» YOUR INSTRUCTIONS
Return the data word for word. Pictures are to be omitted.

» DATASET CONTENT
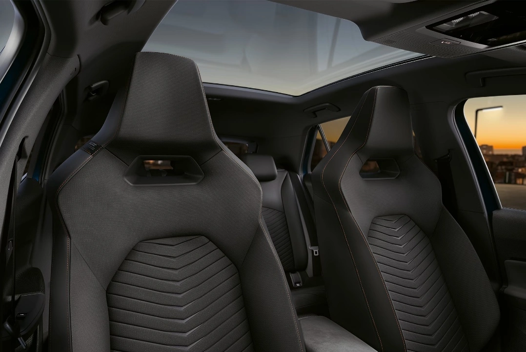 Podstawowa tapicerka również wyznacza standardy. Wyprodukowana z materiałów upcyklingowych, pozyskanych z mórz i oceanów. Fotele kubełkowe z czarnej tkaniny z przeszyciami w kolorze miedzi.
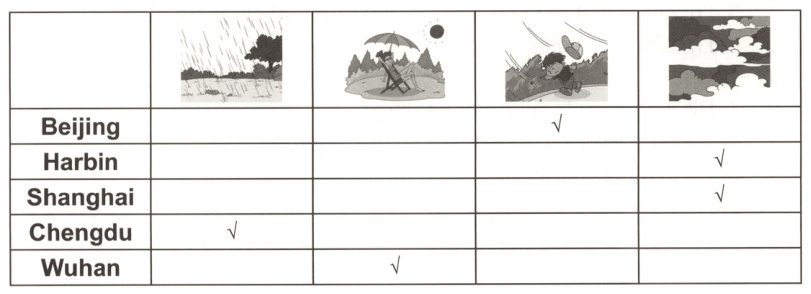II. Listen and tick.(听录音,根据你所听到的内容在每个城市对应的天气的方框内打“√”。)(10分)
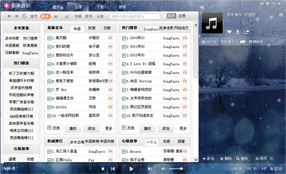 多米提供最方便快捷的音乐管理功能,能一键记录您所喜欢的音乐,列表管理操作简单、功能强大。

» EXERCISE RESPONSE
 Podstawowa tapicerka również wyznacza standardy. Wyprodukowana z materiałów upcyklingowych, pozyskanych z mórz i oceanów. Fotele kubełkowe z czarnej tkaniny z przeszyciami w kolorze miedzi.
II. Listen and tick.(听录音,根据你所听到的内容在每个城市对应的天气的方框内打“√”。)(10分)
 多米提供最方便快捷的音乐管理功能,能一键记录您所喜欢的音乐,列表管理操作简单、功能强大。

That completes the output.